Wu Zhiyang, Hundsdoerfer Patrick, Schulte Johannes H, Astrahantseff Kathy, Boral Senguel, Schmelz Karin, Eggert Angelika, Klein Oliver
BIH Center for Regenerative Therapies BCRT, Charité-Universitätsmedizin Berlin, 13353 Berlin, Germany.
Department of Pediatric Oncology, Helios Klinikum Berlin-Buch, 13125 Berlin, Germany.
Cancers (Basel). 2021 Jun 25;13(13):3184. doi: 10.3390/cancers13133184.

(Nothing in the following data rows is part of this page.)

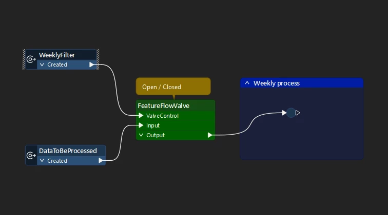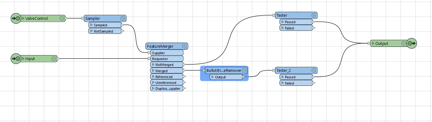 If you Embed the FeatureFlowValve (right mouse click → Embed), you can then right mouse click again and edit it, and update the Transformers if you want. It’ll also allow you to see how it works, and it is (like Matt says) basically a FeatureMerger - so you could implement this yourself as well with a FeatureMerger.
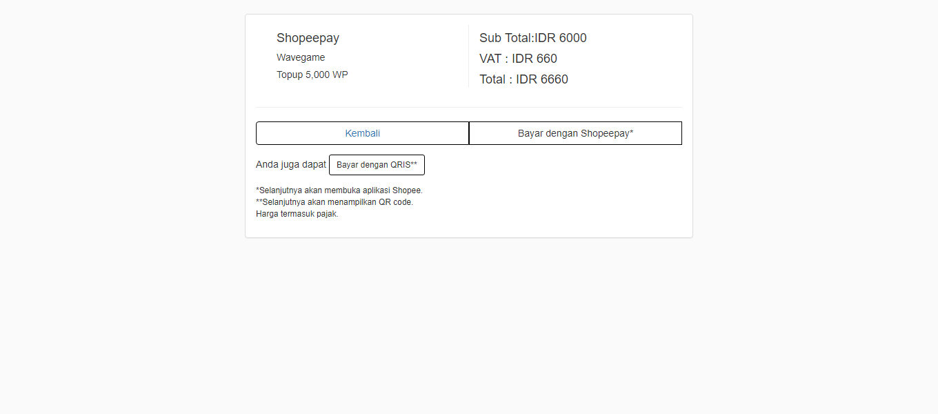 Akan terbuka halaman informasi pembayaran dengan Shopeepay, klik "Bayar dengan Shopeepay*" untuk langsung membuka aplikasi shopeepay ( khusus mobile ), atau klik "Bayar dengan QRIS**" untuk scan melalui QRIS shopeepay.
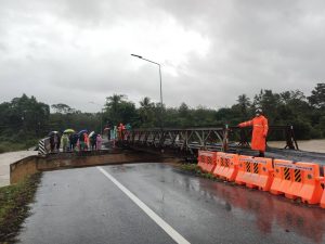 ส่วนเส้นทางที่มีน้ำท่วมสูงจนใช้การไม่ได้ หรือมีเหตุดินสไลด์ปิดถนน จะจัดกำลังประชาสัมพันธ์แจ้งเตือนผู้ขับขี่และให้ข้อมูลเส้นทางเลี่ยงผ่านทุกช่องทางสื่อ โดยเฉพาะจังหวัดขนาดใหญ่และพื้นที่ท่องเที่ยวหลัก ได้รับการเน้นย้ำให้วางแผนจราจรรองรับสถานการณ์ตลอด 24 ชั่วโมง พร้อมจัด ชุดเคลื่อนที่เร็ว เข้าพื้นที่ทันทีเมื่อเกิดเหตุฉุกเฉิน
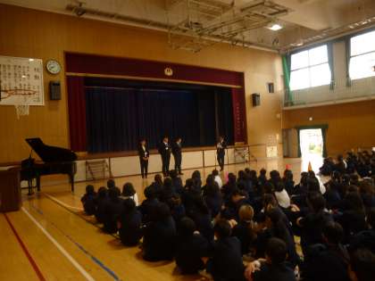 最後に、校歌を歌いました。元気で勢いのある歌声から、新年度への意欲が表れていました。

Risk classification plays a crucial role in clinical management and therapy decisions in children with neuroblastoma. Risk assessment is currently based on patient criteria and molecular factors in single tumor biopsies at diagnosis. Growing evidence of extensive neuroblastoma intratumor heterogeneity drives the need for novel diagnostics to assess molecular profiles more comprehensively in spatial resolution to better predict risk for tumor progression and therapy resistance. We present a pilot study investigating the feasibility and potential of matrix-assisted laser desorption/ionization mass spectrometry imaging (MALDI-MSI) to identify spatial peptide heterogeneity in neuroblastoma tissues of divergent current risk classification: high versus low/intermediate risk. Univariate (receiver operating characteristic analysis) and multivariate (segmentation, principal component analysis) statistical strategies identified spatially discriminative risk-associated MALDI-based peptide signatures. The AHNAK nucleoprotein and collapsin response mediator protein 1 (CRMP1) were identified as proteins associated with these peptide signatures, and their differential expression in the neuroblastomas of divergent risk was immunohistochemically validated. This proof-of-concept study demonstrates that MALDI-MSI combined with univariate and multivariate analysis strategies can identify spatially discriminative risk-associated peptide signatures in neuroblastoma tissues. These results suggest a promising new analytical strategy improving risk classification and providing new biological insights into neuroblastoma intratumor heterogeneity.
风险分类在神经母细胞瘤患儿的临床管理和治疗决策中起着至关重要的作用。目前,风险评估基于诊断时单次肿瘤活检的患者标准和分子因素。越来越多的证据表明神经母细胞瘤存在广泛的肿瘤内异质性,这促使人们需要新的诊断方法,以便在空间分辨率上更全面地评估分子谱,从而更好地预测肿瘤进展和治疗耐药的风险。我们开展了一项初步研究,调查基质辅助激光解吸/电离质谱成像(MALDI-MSI)在不同当前风险分类(高风险与低/中风险)的神经母细胞瘤组织中识别空间肽异质性的可行性和潜力。单变量(受试者操作特征分析)和多变量(分割、主成分分析)统计策略确定了基于MALDI的具有空间判别力的风险相关肽特征。AHNAK核蛋白和塌陷反应介导蛋白1(CRMP1)被确定为与这些肽特征相关的蛋白质,并且它们在不同风险的神经母细胞瘤中的差异表达通过免疫组织化学得到了验证。这项概念验证研究表明,MALDI-MSI结合单变量和多变量分析策略能够在神经母细胞瘤组织中识别具有空间判别力的风险相关肽特征。这些结果提示了一种有前景的新分析策略,可改善风险分类并为神经母细胞瘤肿瘤内异质性提供新的生物学见解。